What the Papers Won’t Say
What the Papers Won’t Say

What the Papers Won’t Say

Some things seem to get clearer with age, and experience.
Others get more blurry.

I remember overhearing a pro golfer a couple of years ago describe the majority of our profession as “highly functioning depressives”, and without wanting to make light of real mental health issues, I don’t think it’s far off the mark. The customary asterisk fits here – a lot of professional golfers have a very privileged lifestyle, and I don’t take for granted for a second the fact I get to do what I love for a living. Regardless of how my writing comes across, I wouldn’t change it. But.

Hanging on to the vision is like trying to hang on to a cliff face sometimes.

I think when we’re a little younger, the pathway to where we want to go is almost more straightforward. Perhaps because our skills are less developed, perhaps because reality hasn’t yet cut scars through our ambition. Golf is captivating to those who play it because of its depth – there is always something to be better at. And even when you’re better at it, there are no guarantees. You can lose gains by doing the exact same things you did to make them. (Might be better if the younger players don’t read this). One thing I’m not sure fans always appreciate is the complexity of improvement, or even the complexity of maintenance. Over half of this year’s winning Solheim Cup team were different from the winning team of two years ago. I wasn’t a million miles away from making that 2019 team (I got what Billy Horschel didn’t), but I wouldn’t have been anywhere near this year’s team. But for all my second guessing, I know without doubt I’m a better player than I was then.
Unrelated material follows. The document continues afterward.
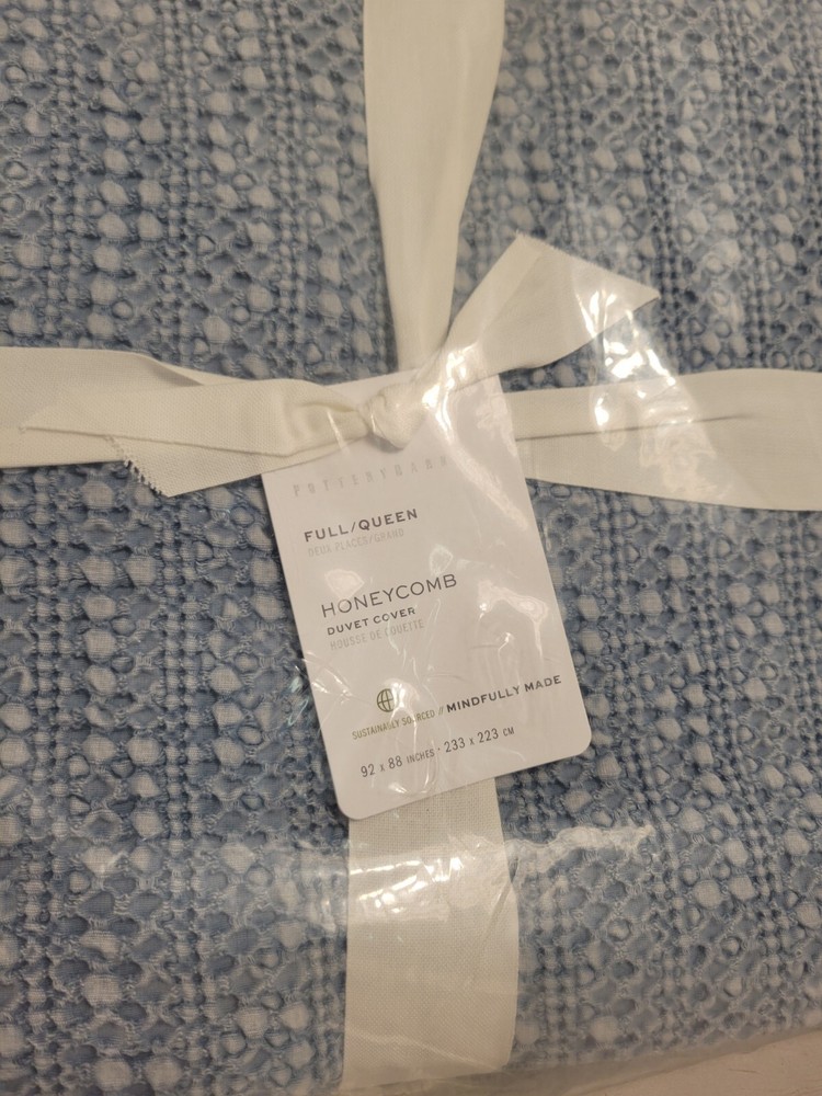 Elevate your bedroom decor with this stylish Pottery Barn Honeycomb Cotton Duvet Cover in Chambray Blue. The queen-sized cover features a chic honeycomb pattern and is made from high-quality cotton for a comfortable and luxurious feel. Its light chambray blue color adds a touch of elegance to any room, making it perfect for adults, teens, and kids alike. The duvet cover is easy to care for and can be machine washed and tumble dried. Its buttons closure type adds a unique touch to its design. This model is perfect for adding a touch of sophistication to any bedroom and is a must-have for anyone looking to upgrade their bedding collection.

How would you measure progress in this sport?
Trophies? World ranking? Stroke average? What you consider your best to look like? What you consider your worst to look like? How much you feel you belong?
It’s not as straightforward as using a strokes gained measuring system. (For one thing, that’s still not actually possible in the women’s game).

Sometimes I think the better you get, the harder it is to stay on the right side of the “line”. The line between finding the zone and the effort it takes to do so. All professional golfers – all sportspeople, I assume – have an insatiable need to keep getting better. There is an almost perverse enjoyment of frustration – frustration leads you to the work; to the knowledge of what you need to do to be where you want to be. But the satisfaction of knowing why you’re not where you want to be is sometimes undercut by the actuality of not being where you want to be. And that burns through the Friday evening drives back to the hotel. That burns through the 5am alarms to get up for a round you don’t know how to gain from. That burns through the waiting – the stress of trying to decide whether resting or working is more beneficial; making both of them redundant anyway.

I hope Emma Raducanu treasures every moment of her astonishing win. She looks like she has all the attributes to embrace the world being at her feet. But she probably doesn’t have enough scars yet to truly comprehend what that means. Maybe that’s a good thing. The nature of sport – which is maybe what keeps all us addicts searching – means her path will change with every breath she takes. That’s more real than whatever the papers will tell you.


  1. Dominic Newbould

    Back in 1983 I reported on the Ford Ladies Classic in the early days of the Women’s pro European Tour. It was won by a very young German, Barbara Helbig. When I interviewed her, I was struck by her fresh and optimistic approach to professional golf.
    ( I was just as naive at the time.)
    Afterwards, I remember talking to two of the much more experienced members of the emerging tour. They both said the same thing: Wait until she tries to do it again… said with a foreboding tone.
    She never won another event.
    Let’s hope Emma Raducanu gats better advice and support and manages to go from strength to strength.